Technical information
- Licensing authority: FCC
- Facility ID: 17695
- Class: A
- Power: 2,150 watts
- HAAT: 77 meters (253 ft)
- Transmitter coordinates: 36°2′8.5″N 79°4′47″W﻿ / ﻿36.035694°N 79.07972°W

Links
- Public license information: Public file; LMS;
- Webcast: Listen live
- Website: www.wxdu.org

= WXDU =

Radio station at Duke University

WXDU (88.7 FM) is a non-commercial campus radio station broadcasting a college radio format. Licensed to Durham, North Carolina, United States, the station serves the Research Triangle area. The station is owned by Duke University.

==History==

===1950 – WDBS===
Student radio at Duke began in the late 1940s when the Undergraduate Men's Student Government Association formed a "radio council" to look into the possibility of establishing a campus radio station. Their efforts produced WDBS (Duke Broadcasting System), which signed on the air in 1950 on AM frequency 560.

WDBS's offices and studios were located in the basement of the Gray building. It used carrier current AM in order to broadcast to the university's dorms and union building. With carrier current, wires are placed in these buildings, and any radio plugged into an outlet in one of the buildings could receive AM 560. In the 1950s, this was the state-of-the-art way to broadcast.

The music shows featured hits of the day, as well as classical and jazz shows. The WDBS news and sports departments were nationally acclaimed, winning "Best College News Department" awards from 1956 to 1959. David Hartman, former host of Good Morning America, got his start at WDBS.

WDBS continued its broadcasting during the student activism of the 1960s, with its music programming changing to reflect students' changing tastes. WDBS was the first station to initiate a program exchange with Radio Moscow. Each week, the two stations would air the other's show, with complete translation of news and editorial comments. This program brought with it a lot of interest from the CIA, and it was eventually stopped.

While the WDBS sports staff was covering national championship teams, the news department was busy reporting on-campus events. The years 1967-69 were tumultuous ones on the Duke campus, and the WDBS news team was always there with live news coverage, even when the main quad was tear-gassed. In 1969, when student protesters took over both the Allen Building and the President's home, WDBS reporters were inside sending out the only live reports from the scene. WDBS also sent a reporter to the Republican and Democratic conventions in 1968; live reports were broadcast when Chicago police clashed with young demonstrators outside the Democratic convention hall.

FM radio had begun to achieve popularity in the late 1960s, as students were attracted to the advantages of stereo radio. The management of WDBS did not want to be left behind with its now-outdated carrier current system. In 1969, WDBS managers and University officials began the search for an FM frequency. With a $200,000 loan from the university, WDBS purchased the frequency 107.1 from the near-bankrupt WSRC. WDBS-FM signed on as Duke's new radio station in May 1971. They moved the studios into the once-condemned Bivins Building on East Campus.

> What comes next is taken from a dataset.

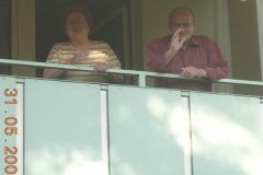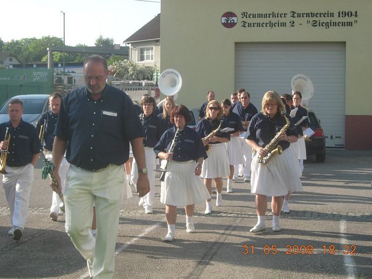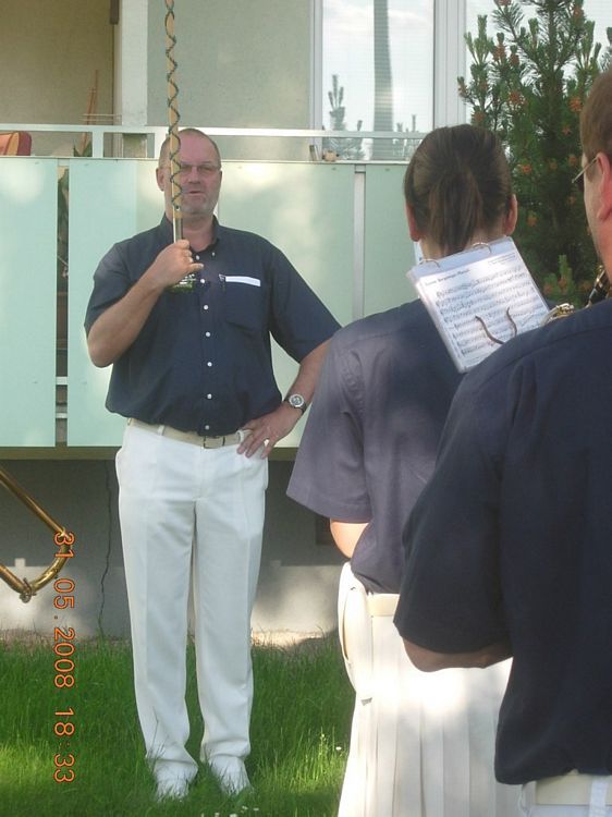 So trafen wir uns um 18.15 Uhr beim Turnerheim und gingen noch schnell in den Garten des ISG-Baues und nahmen Aufstellung. Unsere langjährige Wirtin und Mutter unseres Obmannes – Monika Stutz – feierte genau heute ihren 65. Geburtstag und da wollten wir mit einem Musikstück gratulieren. Leider hörten sie und ihr Mann nur mehr wenige Takte, da sie telefonierten, aber die Freude, Überraschung und Nervosität war trotzdem sehr groß. Alles gratulierte vom Garten hinauf auf den Balkon im 1. Stock und schon waren wir auch wieder weg.

In order to repay the loan, WDBS intended to operate as a commercial, profit-making station, while maintaining a student staff. However, the realities of commercial radio soon necessitated an entirely professional staff, as former student volunteers stayed on to become employees. By 1973, there was only a handful of student station members left, and WDBS was, for all practical purposes, no longer the Duke station.

In the early years, WDBS attracted a substantial following in the Triangle. It was one of the first free-form album rock stations in the Southeast, and its reputation grew as it expanded its programming to include blocks of classical and jazz music every day. The early WDBS certainly defined "alternative" radio.

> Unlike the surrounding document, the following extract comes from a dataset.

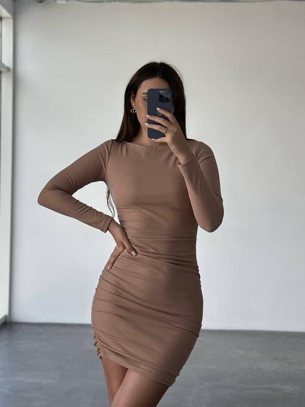 Плаття пуш апп зі збірками з боків⚡️Дизайнерський крій вигідно скоригує Вашу фігуру: збільшить попу та груди, приховає животик Довжину сукні можна регулювати під Ваш настрій З боків на резиночках. Тканина: крепдайвінг Колір: чорний, мокко Розмір: 42-46 ОГ 82-94 см ОТ 62-72 см ОС 88-100 см Довжина 75-83 см Рукав від плеча 60 см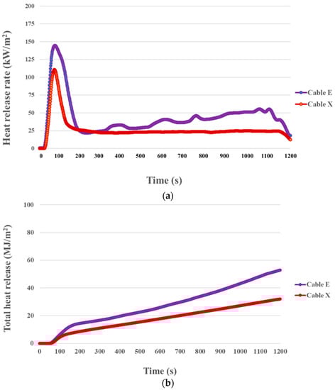 The results shown in the cable HRR curve confirm that the HRR of Cable E was not constant after the PHRR, as change occurred from 200 s until the end of the experiment. By contrast, Cable X’s HRR curve showed no significant change after one PHRR. This heat release characteristic was also reflected in the THR curve. This is attributed to the EPR-based cable insulation.

WDBS was not without a major problem, though. The former students now managing it had no previous business experience, and in no time, WDBS was losing money by the truckload. The university continued to loan the station money just to meet its operating expenses. In the meantime, Duke students were without their own radio station. In the fall of 1974, with the help of WDBS and the university, a group of students resurrected the antiquated carrier current system, and turned an old classroom next door to the Bivins building into their studios. WDUR signed on the air at 1600 AM.

=== 1974 – WDUR/WDUK ===
WDUR received constant trouble from the old transmission system. The station's small budget prevented them from buying any new equipment, and the old system had been allowed to deteriorate. Only a few dorms could receive an acceptable signal. Station engineers spent much of their time repairing the old transmission wires, only to have them go out again before too long.

WDUR's fortunes brightened during the 1975–76 school year when the station officially became a student activity, and began receiving funding from the Associated Students of Duke University (ASDU). Reception was improved, and the station set up a direct line to the CI. The station grew, and developed into a tight Top 40 format. "Duke Radio 16", as it was called, then added progressive rock and jazz shows, and a juke box named "Otto", which automatically played singles at night, keeping the station on the air 24 hours a day. Otto would insert taped messages to identify the station at regular intervals. This sort of operation was legal because of WDUR's carrier-current status; a regular broadcast station could not operate automatically under the law.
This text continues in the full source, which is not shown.